Our multivariable analyses did not include reuse of hydromorphone-CR for a second wash given the universality of this practise in our cohort and our sample size. A review of the literature had shown that conducting multiple washes of hydromorphone-CR injectates could also serve as a risk factor for IE. We did not find an increased likelihood of performing multiple washes with hydromorphone-CR (88% vs 74%). Our sample size was likely inadequate to identify these differences because the frequencies of both of these behaviours were much greater in both groups than expected. However, a companion study surveying PWID in London found that PWID with HIV were 22.12 (4.51 to 108.59) times more likely to share cookers, filters, or washes in their three-month recall period . The high-risk practice of injecting prescription opioids from equipment that is reused multiple times is prevalent in our region and appears to be related to a high incidence of infectious complications including Hepatitis C and a very high incidence of IE [4, 36]. The trend towards increased use of crystal methamphetamine in controls may be suggestive that participants using less hydromorphone but who substitute with other agents, may be at lower risk of IE.

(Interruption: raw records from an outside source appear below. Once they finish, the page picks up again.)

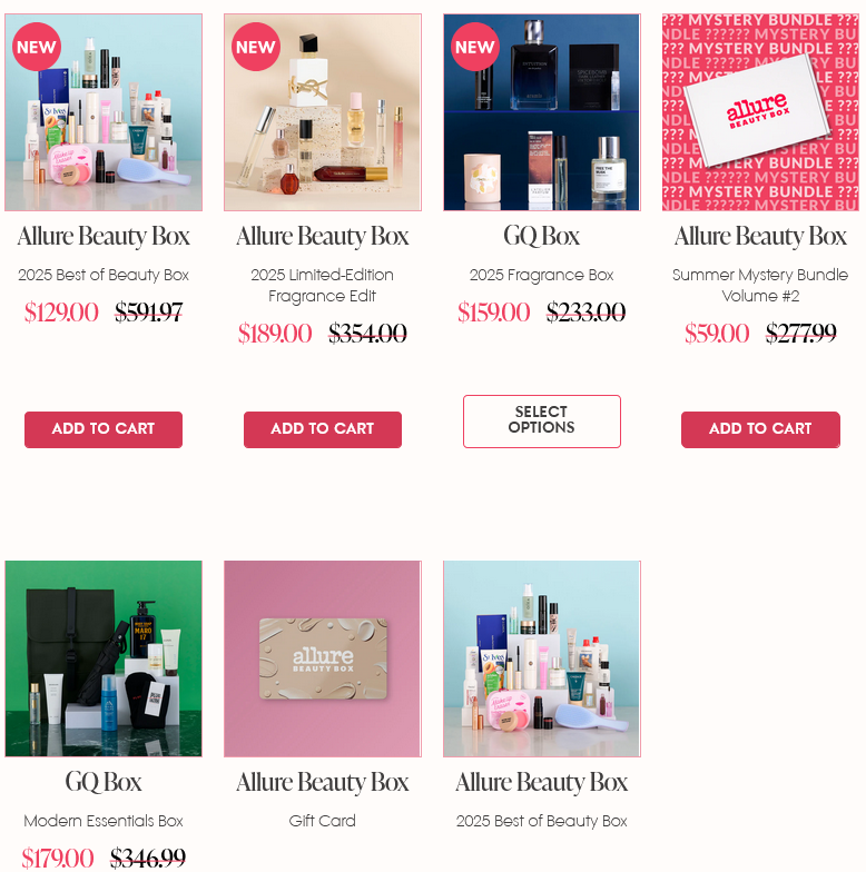 Allure (NEW) Get extra 20% off sitewide code BF20. Allure Beauty Box Limited Edition Holiday Best of Beauty Box: $129 for non-members ($591 value). Allure Beauty Box 2025 Limited-Edition Fragrance Edit is priced at $79 for members or $189 for non-members. Valued at over $350. Explore all Allure and GQ limited edition beauty boxes.
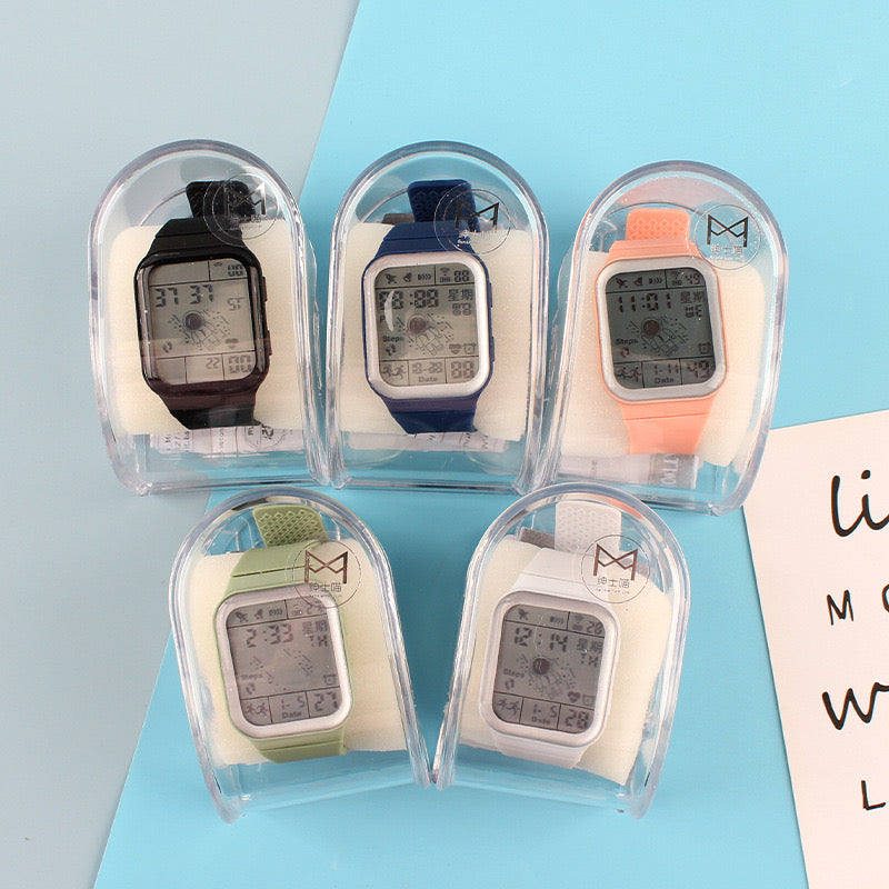 Smartwatch në formë drejtkëndore me rrip silikoni; Mat edhe sekondat; Mat hapat; Tregon rahjet e zemrës; me alarm; Materiali: PVC; Ngjyrat si në foto:
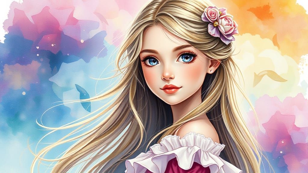This image shows an enchanting girl with delicate features and long, flowing hair. The portrait, in watercolor style, features soft pastel colors and dramatic side lighting.
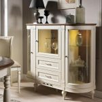 In addition to drawers, these structures can have niches located behind glass doors. A chest of drawers with a display case in the living room is ideal if you need to decorate the room. Almost every family has a beautiful set at home, for which it is not always possible to find a place. As a result, he goes to the closet or closet. The service can be a decoration for any room, so such dressers are very popular.

Homelessness and unstable housing have been associated with injecting in public spaces and other high-risk injection practices [37, 38]. However, in exploratory analysis, cases (PWID IE+) were not more likely to lack stable housing compared to controls. This is supported by Roy et al. , who found that unstable housing was not associated with conducting multiple washes (utilizing residual drug for multiple injections), which is often the preparatory method used to inject prescription opioids, such as hydromorphone-CR. We hypothesize that PWID using hydromorphone-CR, which is a more costly illicit substance, can be associated with stable housing, which is reflective of financial stability. Hydromorphone is one of the most expensive prescription opioids to purchase illicitly, costing Canadian $5.57/mg (US$4.28/mg) or Canadian $100.26 for an 18-mg capsule .
Interestingly, we found that our cases were more likely to have completed secondary or post-secondary education (61.3% cases vs 33.7% controls). In contrast, previous studies have linked the incompletion of education to illicit substance use . Higher education likely is correlated with income and again may reflect greater accessibility to expensive prescription opiates such as hydromorphone-CR, which has properties that increase the risk of infections . Our evaluation of the relationships between housing status and education with IE were exploratory and will require further studies to confirm.